# User Root Exposed



## sagegreenimac (Dec 14, 2000)

All right guys, this might be old news to some but has been a personal fight for me having no experience in Linux or Unix. I have just figured out how to access the ROOT account in OS X PB. Alright here it goes. Go into NetInfo to the Users subdirectory. Click the user "Root". Copy in some way the settings of the user and then delete the user "root". Yes I said delete him. Close the NetInfo window and watch the fun start. When you try to access the menu it tells you that the computer "/" has no root user changes cannot be made. Quit NetInfo using Cmd-Q. Now go into "Multiple Users" in the utils folder and make a new user..."Root".  Make the Real name System and the short "root" makes sure to make it an admin. Close Multiple users and go back into NetInfo Manager. You will notice right away that the error is gone but the process isn't done yet. Now copy all the settings except for password settings back over to make sure that the system still functions properly. You know have unrestricted access of your computer and can reek havoc from anywhere. Advantages that I love I can log in with telnet and using the SU command become the root and do whatever I want from anywhere. Be careful to not mess anything up.


----------



## MasonMcD (Dec 14, 2000)

My jaw is on the ground. I don't know if you are joking, or are sincere and just a moron. Don't do what you did again. Or let anyone think that has *anything* to do with su'ing to root, or gaining access to root privileges.


----------



## zpincus (Dec 14, 2000)

Um, yes, I second that.
I am able to SU from a ssh login just fine, thank you, and I really really recommend against any such munging around and deleting root. 
sagegreenimac, what was the point of this exercise? If there is a valid reason to do such a thing, I would really be interested in finding that out, because that's a thing Apple needs to fix.

Zach

* to all others *
Do not do this thing.


----------



## billbaloney (Dec 14, 2000)

Wow.  I'm afraid that Apple owes its OS X users a thorough explanation of the root account, its functions, and (most importantly) its dangers.

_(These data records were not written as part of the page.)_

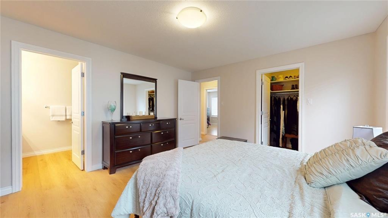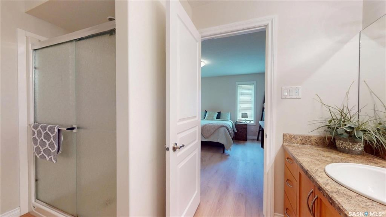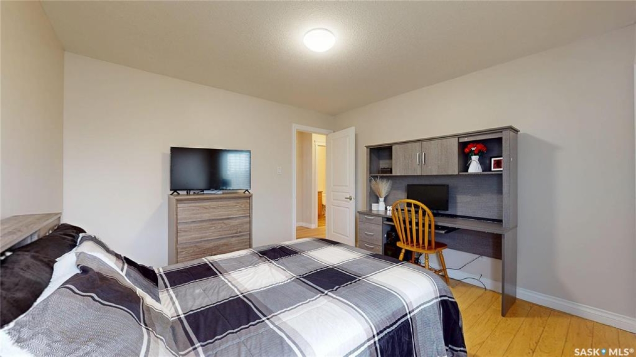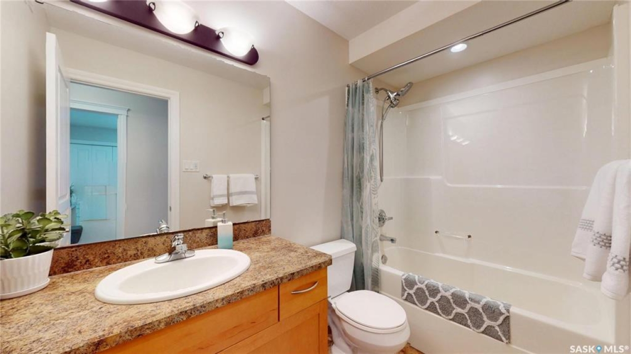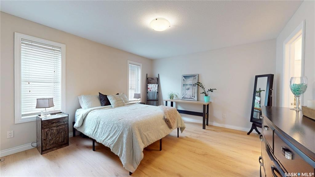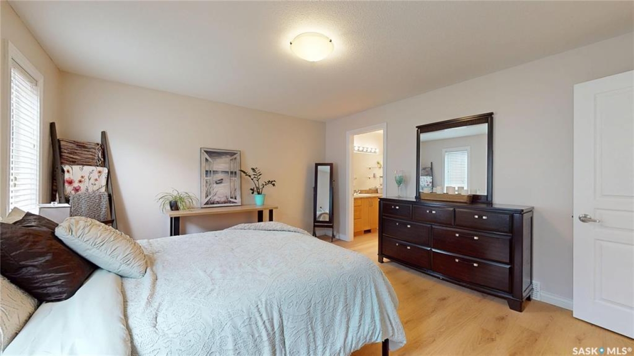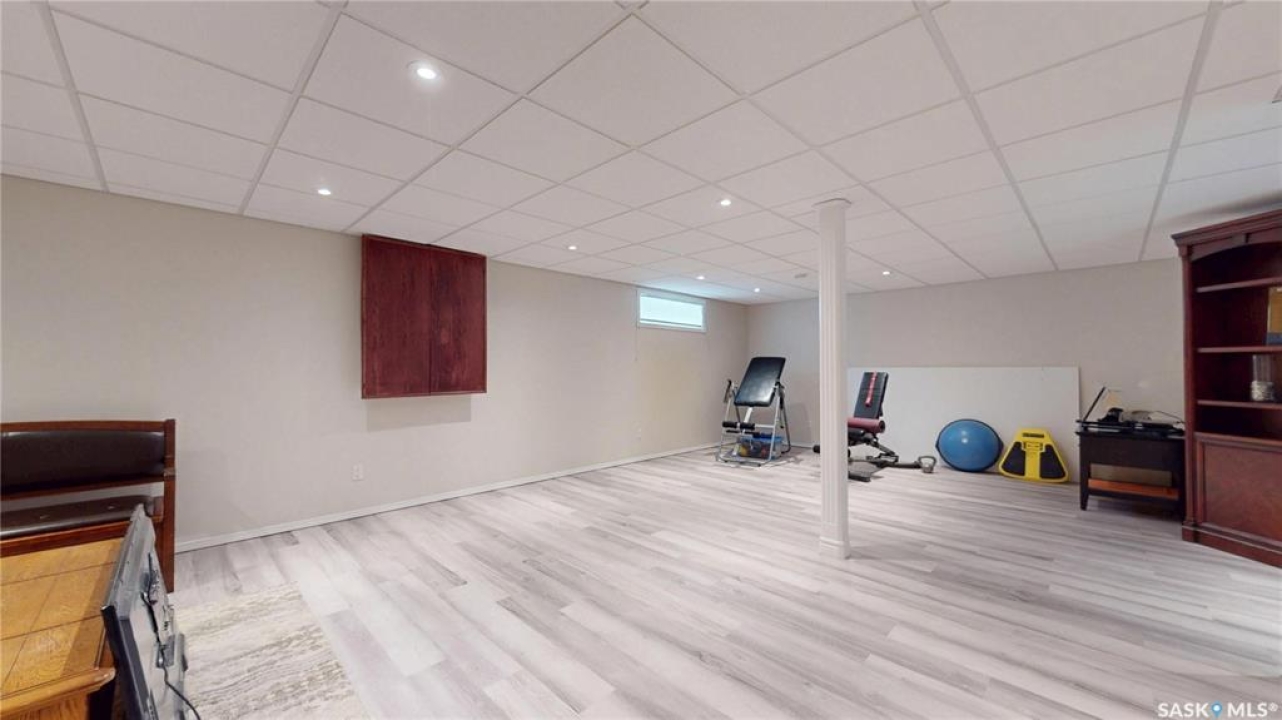 Welcome to this spacious 1480 sqft bungalow located in the desirable community of Pilot Butte, just 10 minutes from Regina. This well-designed home offers 5 bedrooms, 3 bathrooms, and plenty of space throughout. The front of the home features a lovely porch, adding great curb appeal and a welcoming place to enjoy your morning coffee. Step inside to a bright, open-concept main floor featuring a comfortable living room with a gas fireplace, a functional kitchen with plenty of cabinetry, a corner pantry, and updated stainless steel appliances, including a new stove and microwave installed in 2026, fridge, and built-in dishwasher. The dining area offers direct access to the 12'x16' south-facing deck, perfect for relaxing or entertaining. Down the hall, you'll find a spacious primary bedroom featuring a walk-in closet and large 3-piece ensuite. Two additional good-sized bedrooms and a 4-piece bathroom finish off the main floor. The fully developed basement offers even more living space with a large recreation room, two additional bedrooms, a den, 3-piece bathroom, and a dedicated utility/laundry room with a high-efficiency furnace, rented water heater, washer, and dryer. The double attached garage is insulated and heated, providing excellent storage and workspace, with the fridge, cabinets, and workbench included. There is also plenty of parking out front, adding extra convenience for guests or additional vehicles. Outside, the fully fenced and landscaped backyard features a storage shed, garden space, and plenty of room for kids, pets, entertaining, or simply enjoying the outdoors. Additional value is found in the home's smart features, including Wi-Fi enabled keyless entry, thermostat, smoke detectors, stove, and microwave, offering the convenience of app-based control and monitoring from your phone. This is a wonderful opportunity to enjoy small-town living with quick access to Regina amenities. Don't miss your chance to make this Pilot Butte bungalow your next home!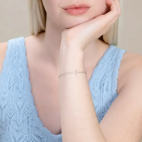 This delicate bracelet features a diamond cross, adding a subtle glimmer to your everyday moments. A timeless symbol of grace and strength, it's perfect for layering or wearing solo.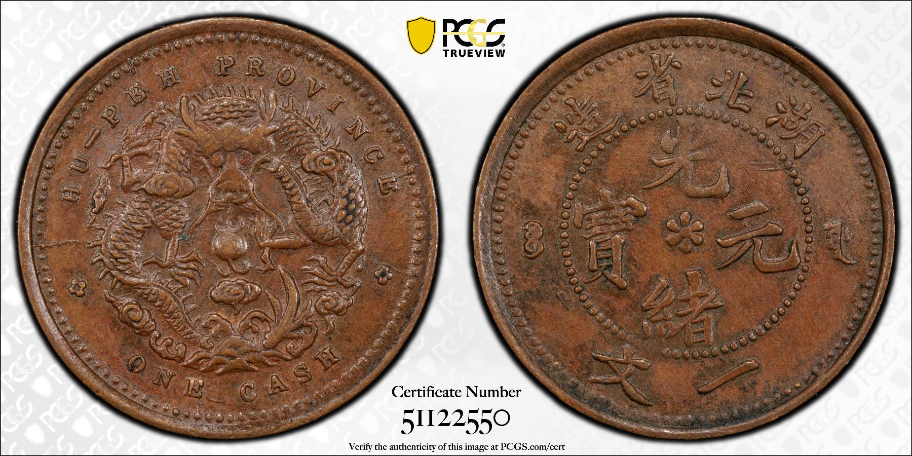 HUPEH: Kuang Hsu, 1875-1908, AE cash, CD1906, PCGS MS62 BN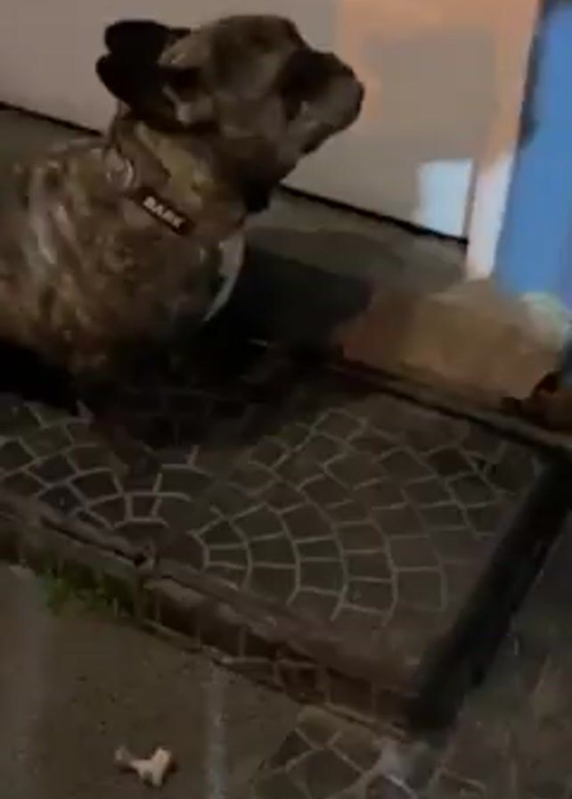 brindle French bulldog sitting on a tiled area in front of a white door. The dog is wearing a red collar that reads "BARK." The dog looks around, and then the camera abruptly moves closer to the dog and stops.
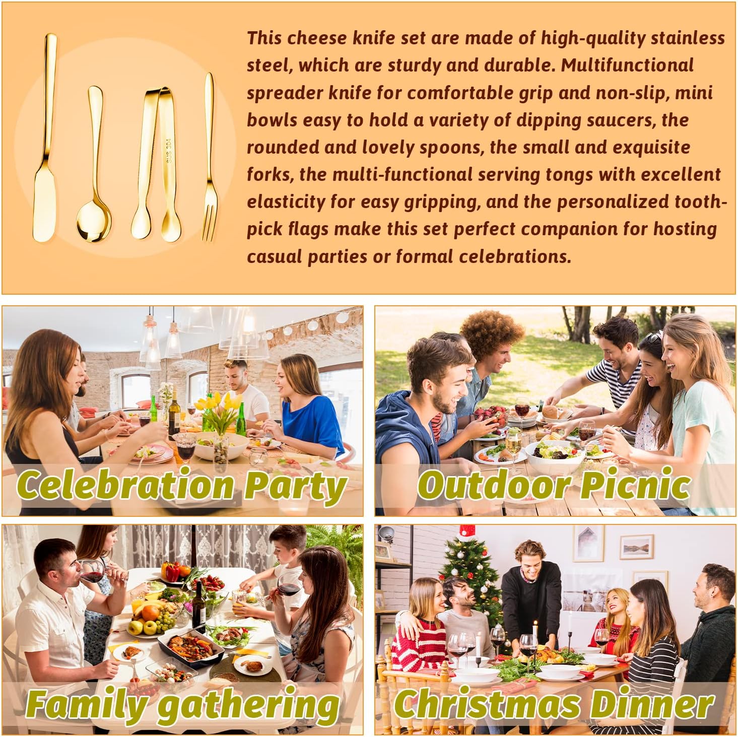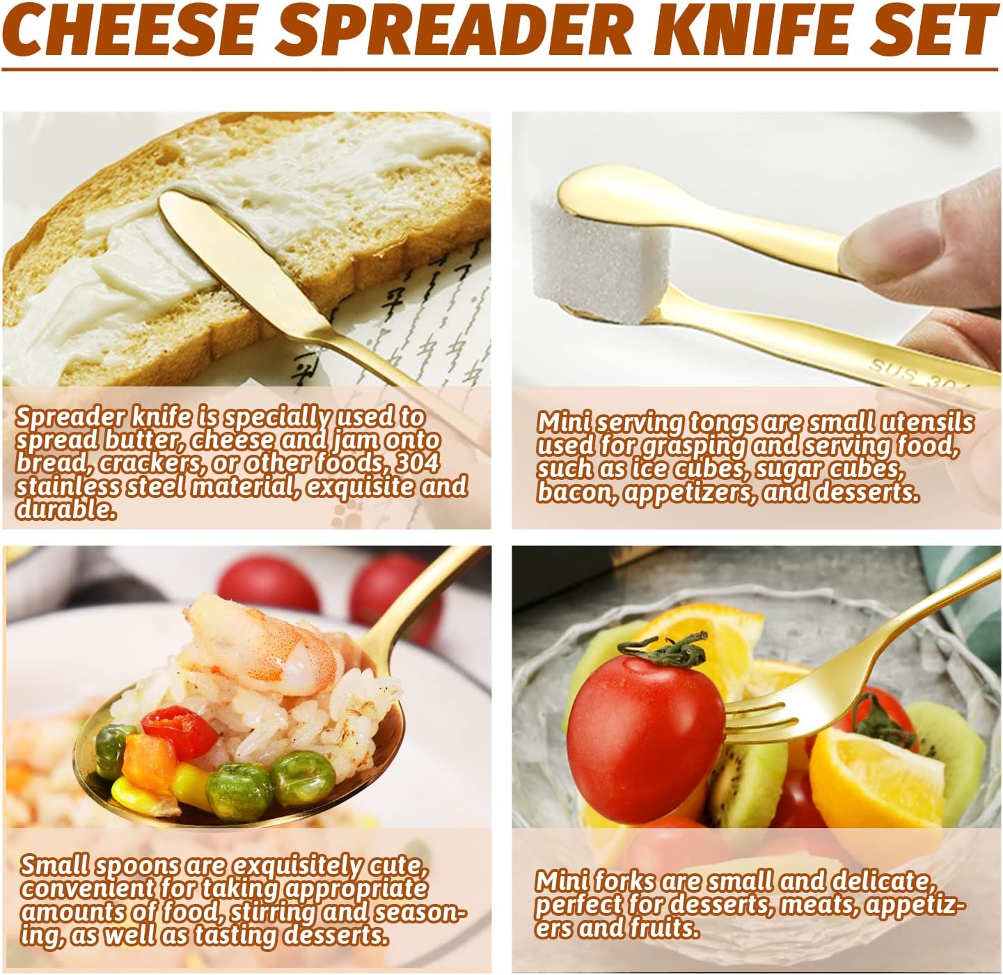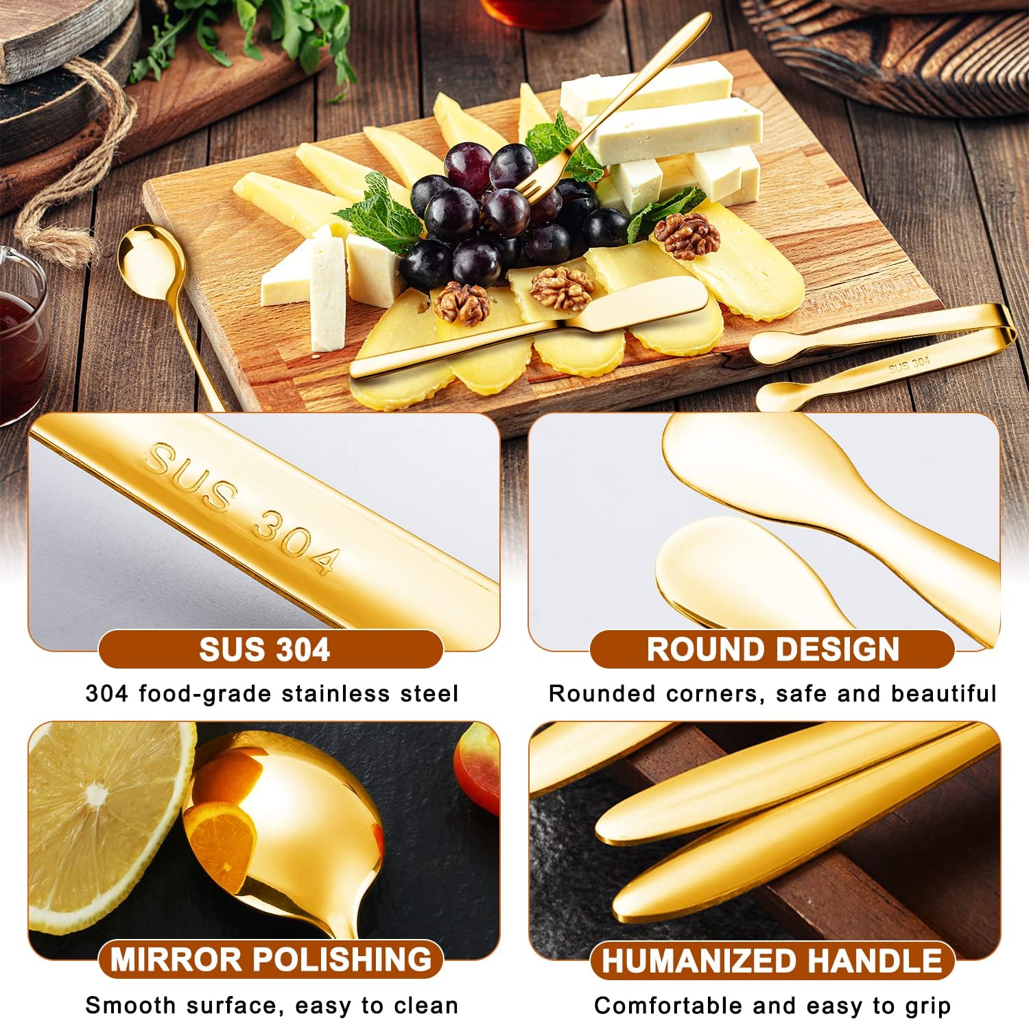 【Package Includes】Cheese butter spreader knives set includes 4 cheese knives, 4 mini service tongs, 4 small spoons, 4 small forks, 4 mini dipping bowls, 4 honey dippers and 40 toothpick flags, which are used for cheese, butter, jam, appetizers and pastries making. It is enough to meet your daily needs.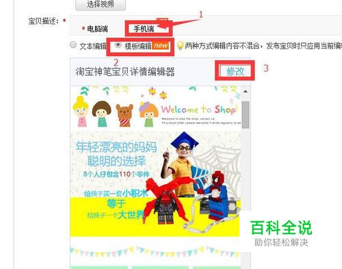 首先,打开自己的详情编辑页面,3步:1.手机端2.模板编辑3.修改

People, if you need to make changes as root, just open up a shell and use the "su" command.  And make sure to "exit" as soon as you're done with your root-related activities.

There's no need at all to mess around in NetInfo -- the root account is necessary to any UNIX-derived OS, and as such is made by default.

Be careful!


----------



## rinse (Dec 14, 2000)

The real point... is the fact that you shouldn't be able to do that.

Another thing is the fact that there is no way to differentiate the "root" user as having a different password than the system installer's password... 


dunno, just think about all the new iMac owners updgrading to osx and accidentally su'ing to root via the command "su" with no parameter's... then being prompted for a password, and typing in the password for the installer's account because they didn't know they were su'ing to root. ... then they go crazy and do something very easy rm /library, whatever...

GAH!

apple needs to carlify this whole *nix thing for the newbie.


----------



## sagegreenimac (Dec 14, 2000)

I still love the fact that now I have access to the user root. It was a personal goal of mine. No it is not for the normal user. No there is no real purpose to it, but I still think that it is a cool little hack. The fact that the user root was unable to be logged in with was reason enough for me. Hey if the Mac community was made of people who settle for what is then what could be, we would still be back on a little beige box with no software.


----------



## abceasy (Dec 14, 2000)

But I don't think the average user's going to actually be doing anything with the Terminal or even know what it is. There will probably be no reason to use it, once programs have installers that work and aren't tarred and gzipped. (I've tried extracing those with OS X Stuffit with varying degrees of success.) 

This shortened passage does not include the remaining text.